Posted by Chad Everett on August 23, 2004

Quick Chicken Salad »

I was poking about for a recipe for chicken salad today. Couldn't find a thing. Don't get me wrong - Google brings out plenty of contenders. But they have macadamia nuts, almonds, red bell pepper, stuffed olives - you get the idea. I just wanted something simple. So I made it myself.

I started by boiling three chicken breasts in a pot with diced onion (a whole small vidalia), some diced celery (a medium-sized stalk, maybe five inches long) and some garlic. Not fancy garlic - it just came right out of the jar. No magic to the amount of chicken - that's just all I had in that bag.

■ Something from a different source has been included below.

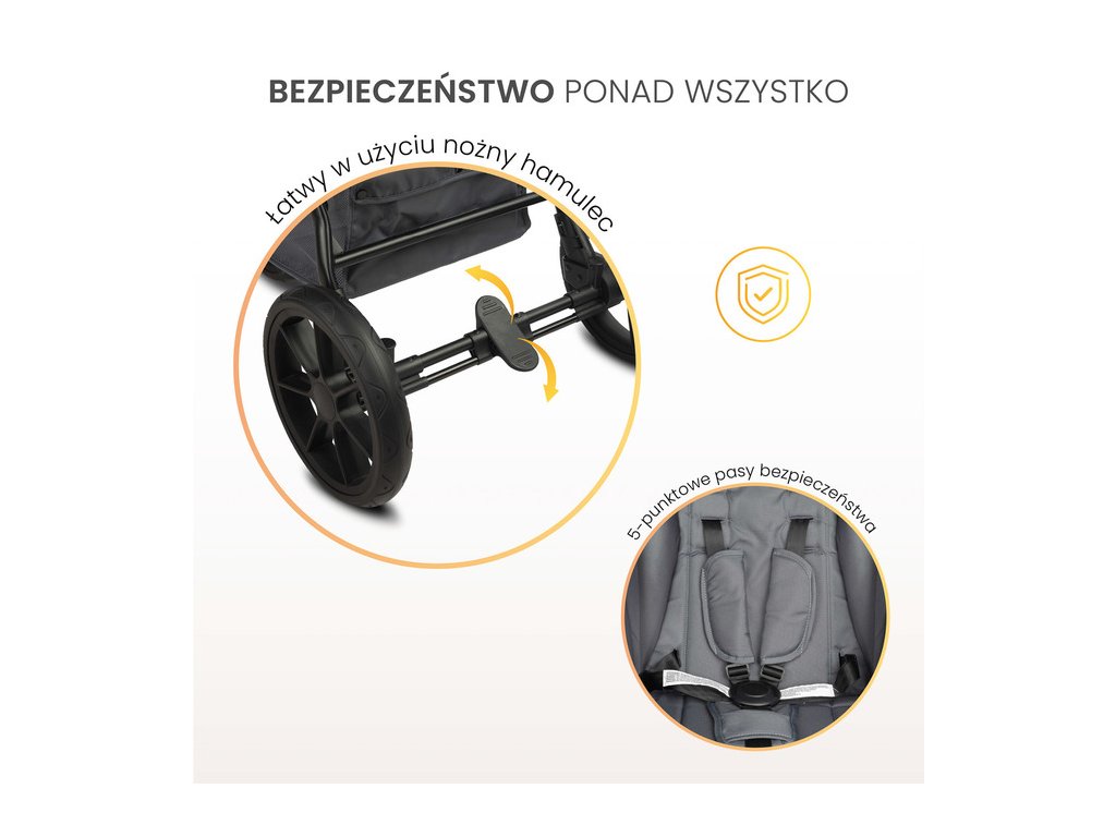 BEZPEČNOST PŘED VŠEMNastavitelné 5-bodové bezpečnostní pásy poskytují ochranu dítěte během jízdy. Nožní brzda umístěná mezi zadními koly zvyšuje úroveň bezpečnosti při zastavení. |

Once this concoction reached a boil, I reduced the temperature until things were just simmering, then let it stew up for about ten minutes, after which I poked it with a fork to see how it was doing. Even a quick dunk like this made the chicken very soft. Surprising, as it started off frozen, right out of the freezer. I said it wasn't anything fancy. I could have easily pulled it apart with my fingers, but it was hot. I chopped it up with a cleaver instead.

I mixed the chopped chicken with the remnants of the onions, celery and garlic, tossed in a bit of curry, a pinch of celery seeds, a couple shakes of ground red pepper, some rosemary, a bit of thyme and a little more garlic (powder this time).

Finally, I added three scoops of mayo, a spoon of sour cream and a squirt of French's mustard. Then I stirred it all up for a couple of minutes. The end result was surprisingly decent. I'd never made chicken salad before, and it turned out okay.